Friday, March 10, 2006

Nowhere

Damn it. I am so bummed and used up. I'm probably gonna fail Rizal and NSTP for this semester. Might as well atone for these failures by taking them up next year and actually paying for those six wasted units. To comfort myself mentally, at least I didn't practically waste away a year's worth of tuition fee. I have a classmate who's been a college freshman for four years now! Currently he's in Accountancy and the last three years he spent them on BS Math, Nursing and the other one I've forgotten. Kaku spent one year in UST with Literature and is back to square one here in Lyceum. My dream course... Arice is still in college and she's already 23 years old.

Another stupid mistake I've made is actually shifting to International Relations (formerly Foreign Service) major in Diplomacy though signing up for Broadcasting is an even more absurd decision in the first place. Maybe I was just fooling around with myself when I said I'm actually interested in politics. Well it is an intriguing subject but it doesn't automatically mean I'll devote my imminent career and education to that field! God! Shift me back to Journalism! It's the only course in school where I can breathe properly! And Chino also advised me to follow my heart, chase it to wear it runs no matter how wide and endless the horizon becomes.

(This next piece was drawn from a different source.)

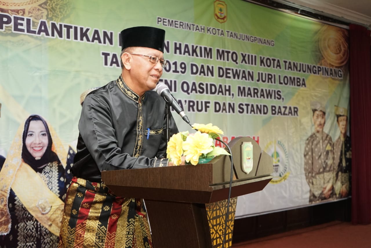 Walikota Tanjungpinang, H. Syahrul, S.Pd, melantik Dewan Hakim dan Juri Seni Qasidah, Marawis, Pawai Ta’aruf dan Bazar dalam acara Musabaqah Tilawatil Qur’an (MTQ) ke-XIII Kota Tanjungpinang pada Selasa 2 April 2019 di Aula Bulang Linggi.
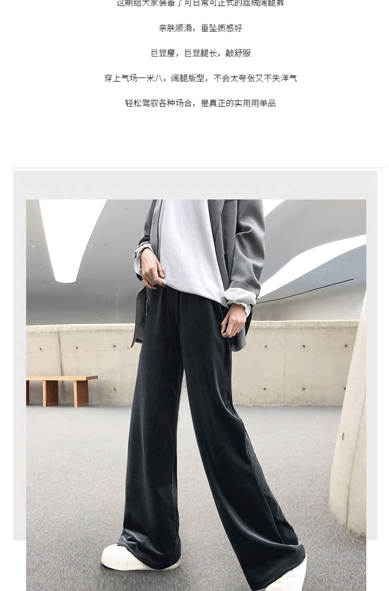 【赠运费险】80-150斤可穿,今年大火的金丝绒阔腿裤,不起球、不掉毛!直筒宽松裤腿有垂感,裤面不起皱,不变形!超级显腿直,巨显瘦,实力遮肉!轻松穿出高瘦美!

I was actually amazed when Arice did her journalistic assignment whe she was assigned to cover the Mr. and Mrs. Lyceum event last friday. With a digital camera hanging around her neck and a pen and paper in one hand, amazing! That time I was slapped by my conscience to actually make up my mind on what I really want, and I want Journalism though I would have preferred Literature anytime. Might as well shift back next year. Just why do I have to be so fucked up?